There are, however, odd occasions when Richardson has lapses in effort or allows himself to fade from the picture. The sequence below was a poor one as the Tennessee product's careless pass bled into him getting beat back door by Furkan Korkmaz.

Just about every player has moments like this, but the Sixers will hope Richardson is just a touch more consistently engaged and active now that he's on a contender. 

Offense: A shifty shooter 

Richardson's instincts for how and when to find space off the ball are strong. He made a savvy shift from slow jog to sharp sprint toward the ball on this play from Feb. 21. 

That shiftiness is one of his standout skills. Tobias Harris and Redick botched the Sixers' defensive coverage on the play below, but note Richardson's quick curl around Derrick Jones Jr.'s screen, and his burst to the basket before Redick is ready.  

Richardson could, in some ways, fill Redick's offensive role as a constant mover and outside shooter. His three-point shooting is not at Redick's level (35.7 percent from long range on 6.3 attempts per game last year) but, after snaking around screens, he has more options than Redick, who's not much of a threat to do anything besides shoot from long distance.

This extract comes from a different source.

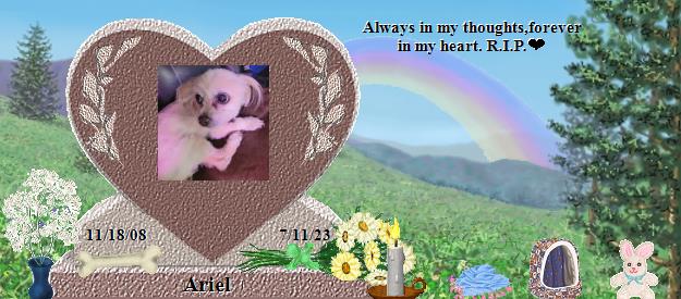 Ariel, my sweet girly. Such a sweet personality, full of love and joy. My first goodmorning my last goodnight, she was always by my side. She would be there to comfort me when I was feeling sad. And brought so much happiness to my life. She always wanted to shower me with sloppy wet kisses. She followed me everywhere, And whenever I went to the bathroom she would sit and wait till I finished, then she would do her little dance and bark at me to tell me she needed her treat. Ide have my afternoon coffee and there she was waiting for her next treat. Ariel was 14.5 yrs old. But still acted like a puppy. But her body was telling her to slow down, when she started getting seizures and her kidneys started failing. On July 11.2023 at 8.15 pm she lay in my arms and passed away. She will be forever missed. And was loved so very much. I love you my sweet girly. R.I.P. ❤️ |

If he was in Richardson's spot, Redick would typically curl up from the baseline and around Kelly Olynyk at the left elbow extended on that play. For all his strengths, Redick is not a player who, like the Sixers' new shooting guard, can dart into the middle of the paint and hit a fadeaway jumper.

Though capable of beating his man and penetrating, Richardson isn't great at creating separation against bigger players or making plays through contact. Ben Simmons swallowed him up on this play.

It's fortunate for Richardson and the Sixers that he'll be the team's smallest starter. Surrounded by bigger (and better) players than when he was with the Heat, Richardson should see more favorable matchups as opposing defenses have to dedicate size to his gargantuan teammates.